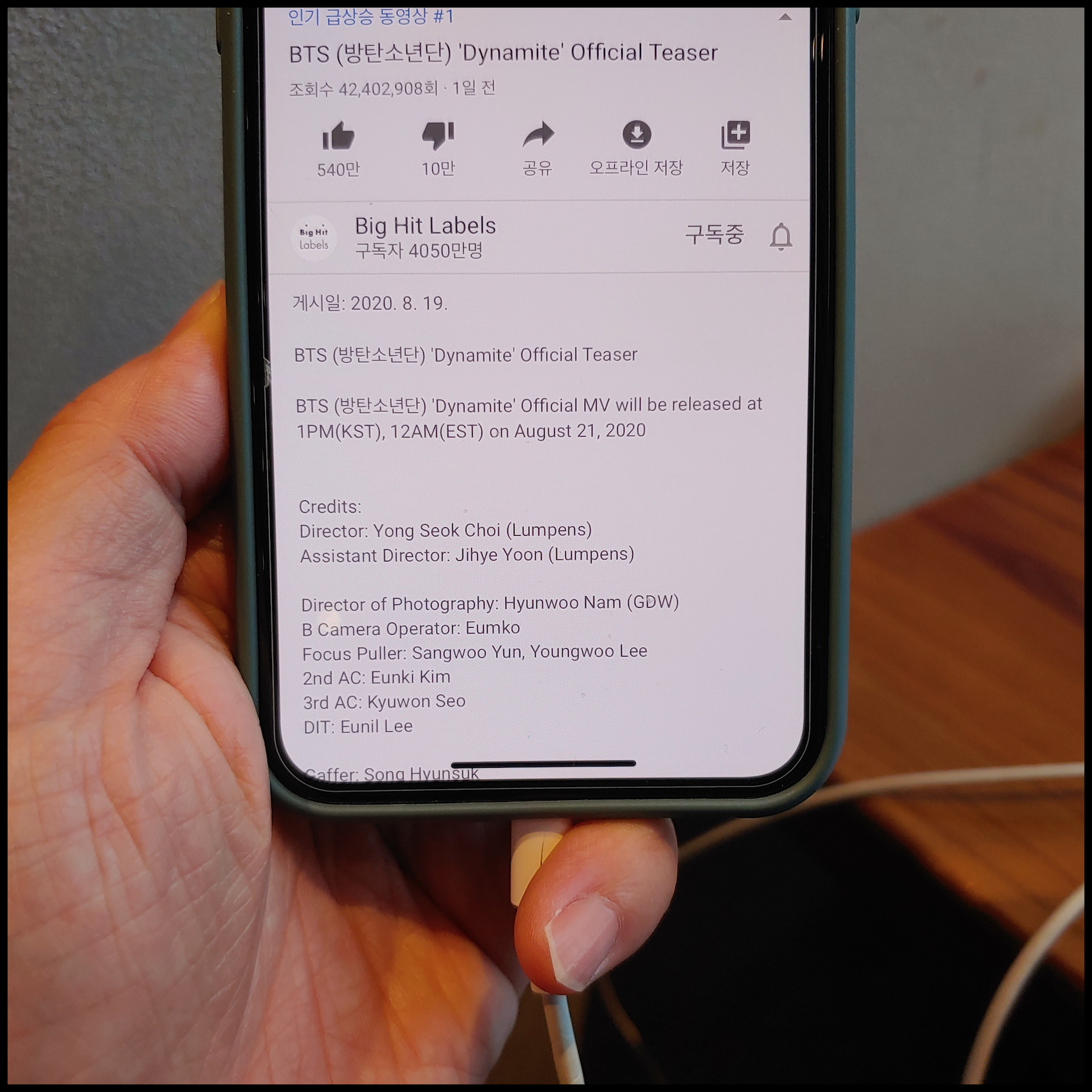 [사진 = 방탄소년단은 오는 21일 Dynamite(다이너마이트)라는 새로운 디지털 싱글로 컴백할 예정입니다. 이번 싱글은 영어로 노래합니다. 영어권 공략을 위해 영어 노래를 선보인 것으로 보입니다. 최근 유튜브에서는 방탄소년단 Dynamite 티져 영상이 한국 인기 급상승 동영상 1위를 기록했습니다. 유튜브에 업로드된지 하루 만에 조회 수 약 4,200만 회 기록할 정도로 국제적인 관심이 큽니다. 지난 앨범 타이틀곡이었던 ON이 빌보드 핫100 4위, 앨범으로서 빌보드 200 통산 4번째 1위 달성했던 전레를 떠올리면 영어 노래로 나오는 Dynamite는 빌보드에서 어떤 성과를 나타낼지, 영어권에서 방탄소년단 노래가 얼마나 열광적인 호응을 얻을지 주목됩니다. (C) Big Hit Labels 유튜브 채널]
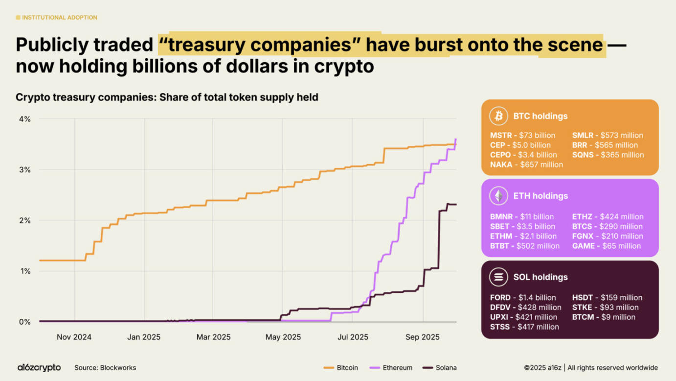公开交易的数字资产库(DAT)公司目前总共持有比特币和以太坊流通总量的约 4%。这些 DAT 加上交易所交易产品,目前持有比特币和以太坊代币供应量的约 10%。
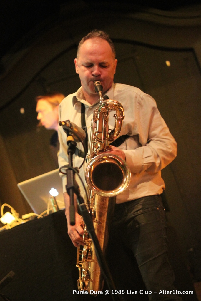 Trio électro-répétitif à base d’électrophones, d’improvisations au saxophone et d’images vidéo, Purée Dure constitue une alternative radicale à la sophistication des platines et des samplers.
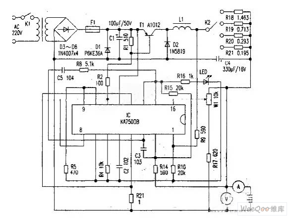 输出电流由K2选择控制,如果要输出电流大于1.5A,需增加T1的散热片面积,并将L1的线径加粗。其改制的难点是制作电阻:R18、R19、R20、R21。笔者通过查询得知φ0.13mm漆包线的阻值是1322Ω/km;φ0.21mm的漆包线阻值是506Ω/km,再经计算得出以上电阻所需漆包线长度后,绕制在圆柱形绝缘体上,并在调试中根据输出电流大小修剪漆包线的长度。
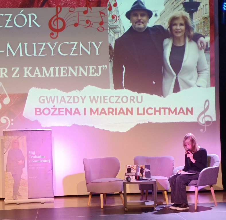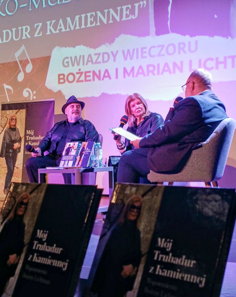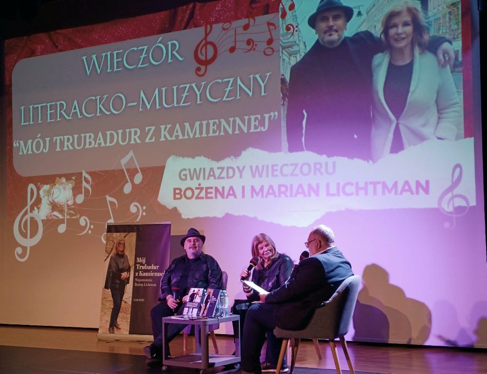 Szczególne zainteresowanie wzbudziła opowieść Bożeny Lichtman o książce „Mój Trubadur z Kamiennej”, która – jak podkreśliła autorka – ma formę swoistego pamiętnika. Publikacja stanowi bardzo osobistą narrację, ukazującą codzienność, kulisy życia artystycznego oraz wspólne doświadczenia i emocje towarzyszące wieloletniej drodze twórczej.
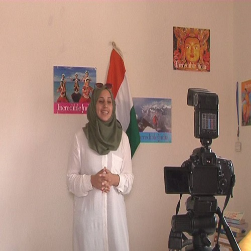 في غرفتها وأمام علم للهند معلق على الحائط، وبجواره صورة لتاج محل وأخرى لفتيات هنديات يرتدين الساري وثالثة لتمثال بوذا، عدلت آية هيئتها وتموضعت أمام كاميرا فيديو، ضغطت زر التسجيل ورسمت ابتسامة على محياها، وبدأت بتسجيل درس جديد من دروس اللغة الهندية، التي تنشرها على موقع 'يوتيوب'، لتنقل تجربتها لمن يرغب بتعلم اللغة.
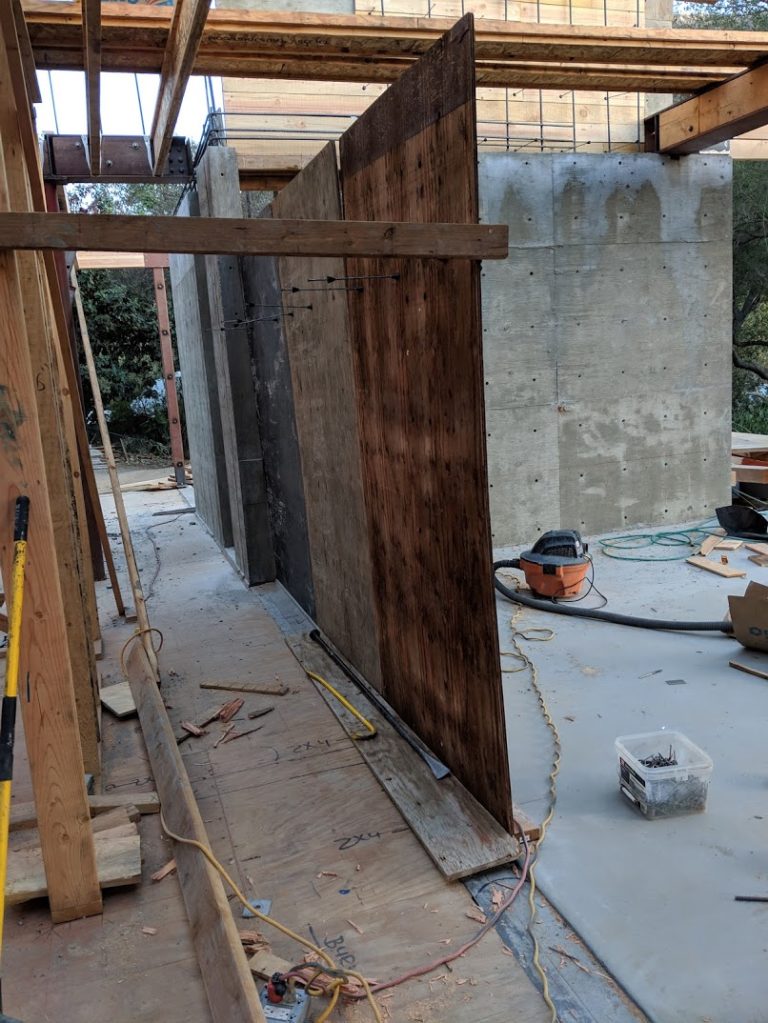 The concrete workers finished the board form lining for the wall by the door. They also began work on the lost concrete wall between the great room and the hallway to the bedroom. This is shown in the picture below.
━━━━━━━━━━
DIRECTIONS: A word-for-word repeat of the lines from the line with "输出电流由K2选择控制,如果" to the last line of the data, both ends included and pictures left out, is all that should appear.

SOLUTION:
 输出电流由K2选择控制,如果要输出电流大于1.5A,需增加T1的散热片面积,并将L1的线径加粗。其改制的难点是制作电阻:R18、R19、R20、R21。笔者通过查询得知φ0.13mm漆包线的阻值是1322Ω/km;φ0.21mm的漆包线阻值是506Ω/km,再经计算得出以上电阻所需漆包线长度后,绕制在圆柱形绝缘体上,并在调试中根据输出电流大小修剪漆包线的长度。
 Szczególne zainteresowanie wzbudziła opowieść Bożeny Lichtman o książce „Mój Trubadur z Kamiennej”, która – jak podkreśliła autorka – ma formę swoistego pamiętnika. Publikacja stanowi bardzo osobistą narrację, ukazującą codzienność, kulisy życia artystycznego oraz wspólne doświadczenia i emocje towarzyszące wieloletniej drodze twórczej.
 في غرفتها وأمام علم للهند معلق على الحائط، وبجواره صورة لتاج محل وأخرى لفتيات هنديات يرتدين الساري وثالثة لتمثال بوذا، عدلت آية هيئتها وتموضعت أمام كاميرا فيديو، ضغطت زر التسجيل ورسمت ابتسامة على محياها، وبدأت بتسجيل درس جديد من دروس اللغة الهندية، التي تنشرها على موقع 'يوتيوب'، لتنقل تجربتها لمن يرغب بتعلم اللغة.
 The concrete workers finished the board form lining for the wall by the door. They also began work on the lost concrete wall between the great room and the hallway to the bedroom. This is shown in the picture below.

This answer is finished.